Big IO and Load during Migrate an VM 6.4-15

Bidi

Renowned Member
Feb 12, 2016
109
2
83
37
Hello Guys,

I have a problem with a node and i dont understand why dose it makes like this.

When i migrate an VM to the server, the entire server is slowly or not responding.
The server is on an cluster with another 5 servers, network is 10GB.

I made test migrating same VM om another nodes and the only problem is with the node i`m facing this issues, other nodes not a problem at all.

All the servers ar the same spec, configs, disk...etc all the same.

During migrating on the problem node i sow this witch Read/Write is small but IO is big .

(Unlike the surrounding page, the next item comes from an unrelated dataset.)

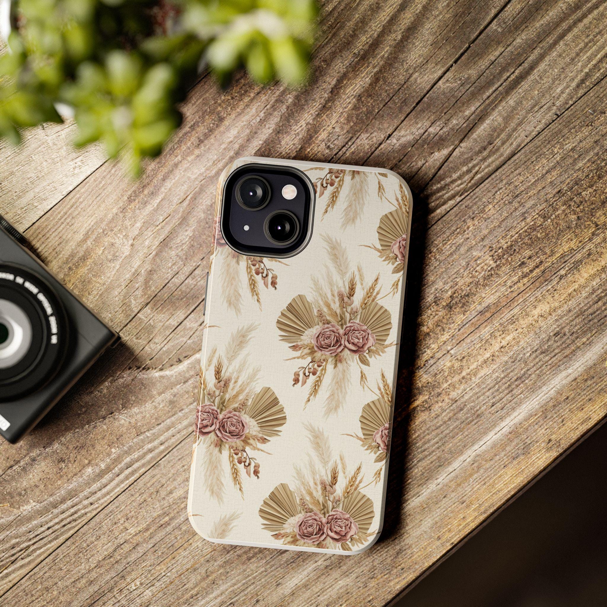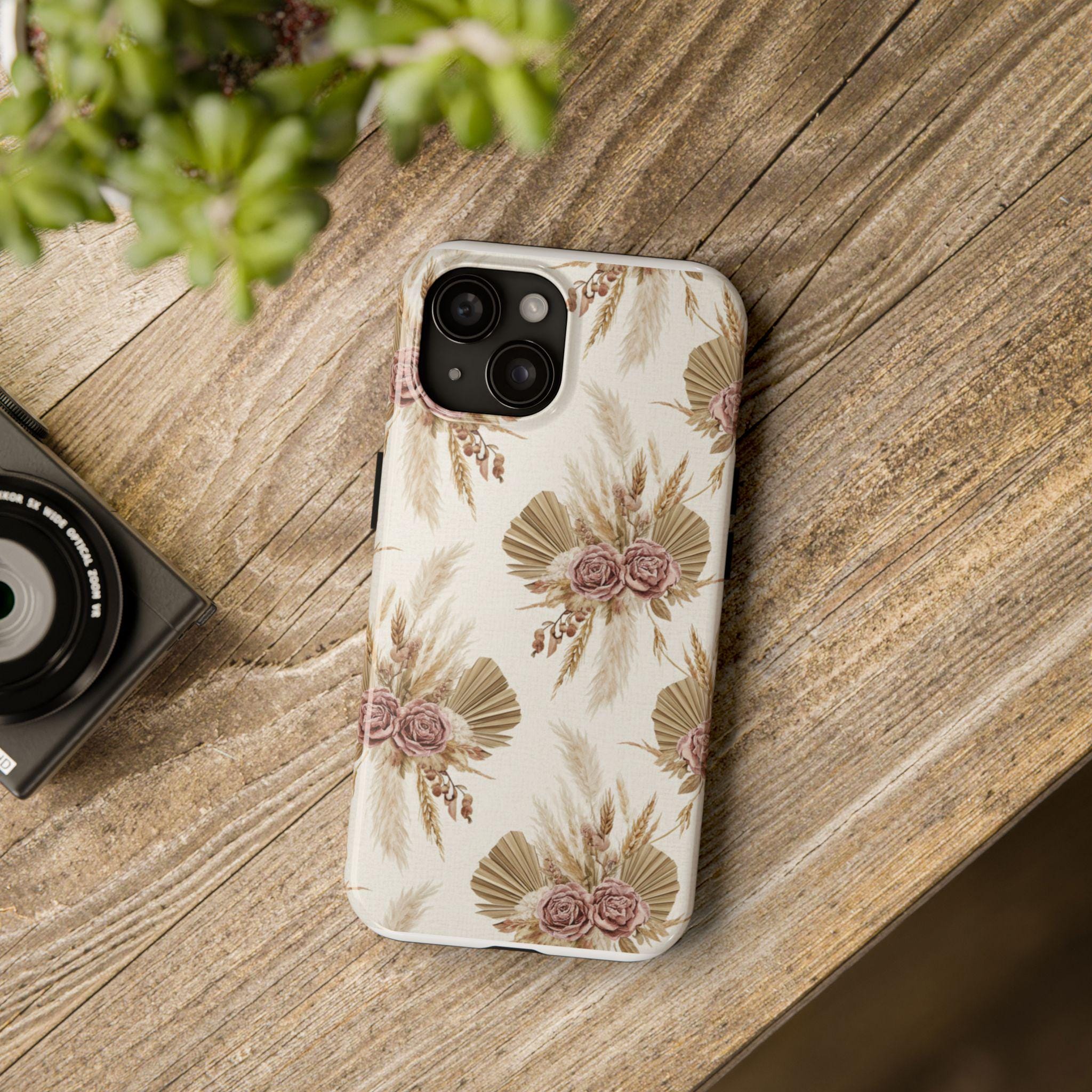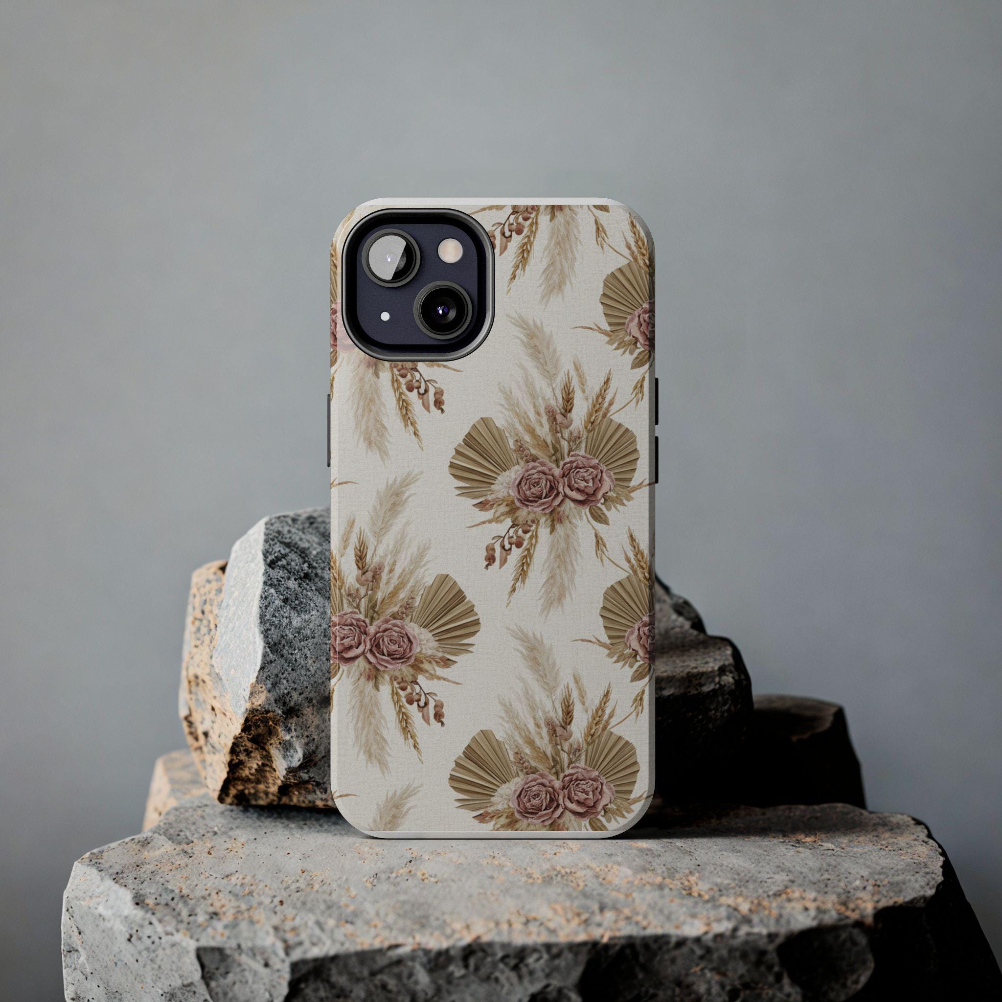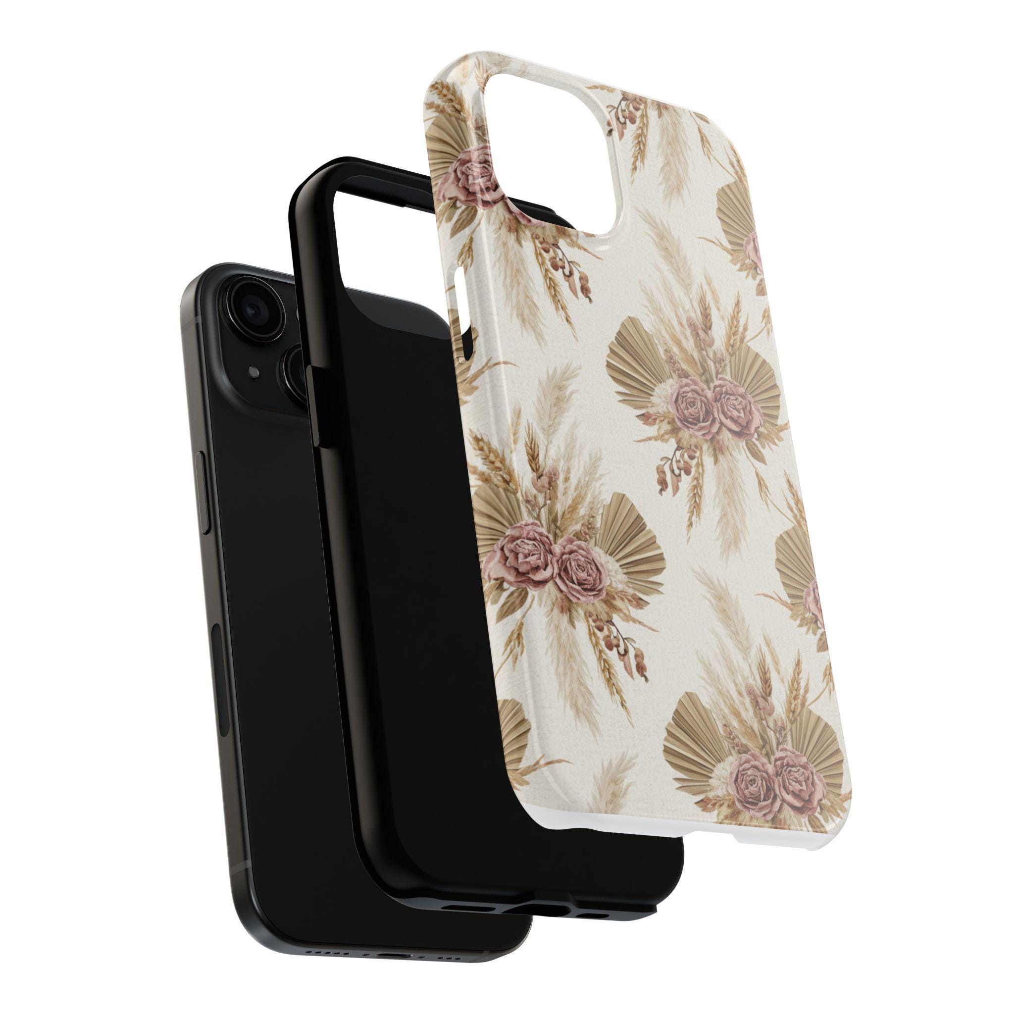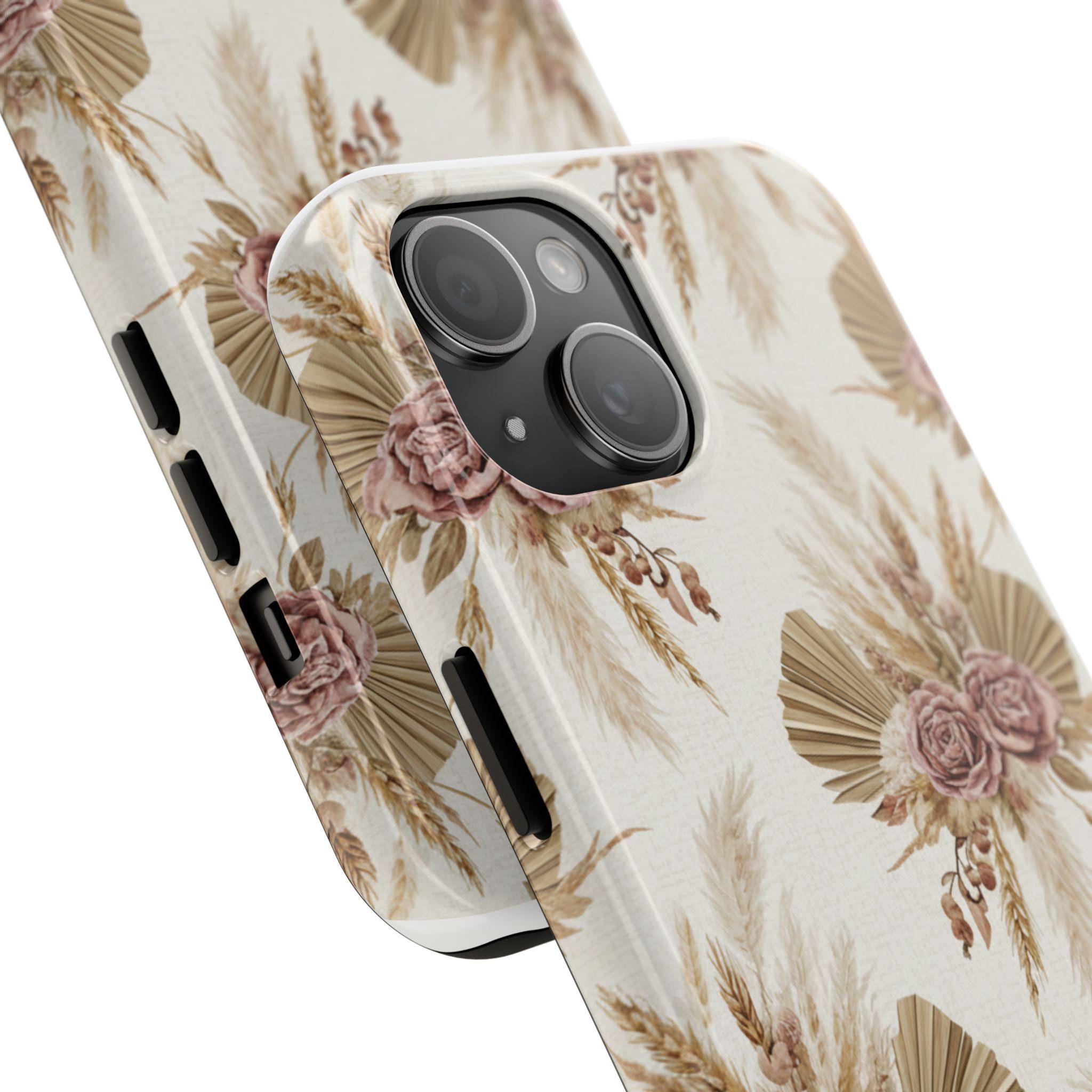 A slim, durable phone case dressed in soft, neutral botanicals. The warm cream background and faded mauve roses pair with pampas grass and fan palms to create a gentle, earthy look that feels both modern and vintage. It slips on easily, keeps corners and edges protected without bulk, and carries a glossy sheen that deepens the muted tones. Use it when you want your phone to feel like a personal accessory — calm, curated, and a little nostalgic during city strolls, coffee dates, or quiet mornings at home.

On summary server has IO delay 58.28% , the problem is i dont even know where to identify/check the problem

48 x Intel(R) Xeon(R) CPU E5-2690 v3 @ 2.60GHz (2 Sockets)
Kernel Version

Linux 5.4.157-1-pve #1 SMP PVE 5.4.157-1 (Mon, 29 Nov 2021 12:01:44 +0100)
PVE Manager Version

pve-manager/6.4-15/af7986e6

RAID10 - SSD Kingston DC500M 1.92TB


Total DISK READ: 888.26 K/s | Total DISK WRITE: 12.53 M/s
Current DISK READ: 881.39 K/s | Current DISK WRITE: 17.89 M/s
TID PRIO USER DISK READ DISK WRITE SWAPIN IO> COMMAND
47539 be/4 root 0.00 B/s 290.74 K/s 0.00 % 99.99 % dd of=/var/lib/vz/images/245/vm-245-disk-0.raw conv=sparse bs=64k
418 be/4 root 0.00 B/s 0.00 B/s 0.00 % 99.99 % [kswapd1]
417 be/4 root 0.00 B/s 0.00 B/s 0.00 % 99.99 % [kswapd0]
31003 be/4 root 0.00 B/s 0.00 B/s 0.00 % 99.99 % [kworker/u97:0+flush-253:2]
26735 be/4 root 20.60 K/s 0.00 B/s 0.00 % 99.99 % perl -T /usr/bin/pvesr run --mail 1
992 be/3 root 0.00 B/s 0.00 B/s 0.00 % 99.99 % [jbd2/dm-2-8]
648 be/3 root 0.00 B/s 0.00 B/s 0.00 % 35.41 % [jbd2/dm-1-8]
22804 be/3 root 0.00 B/s 13.74 K/s 0.00 % 12.13 % [jbd2/loop1-8]
987 be/3 root 0.00 B/s 36.63 K/s 0.00 % 7.23 % [jbd2/sdb1-8]
 
Hello Guys,

I have a problem with a node and i dont understand why dose it makes like this.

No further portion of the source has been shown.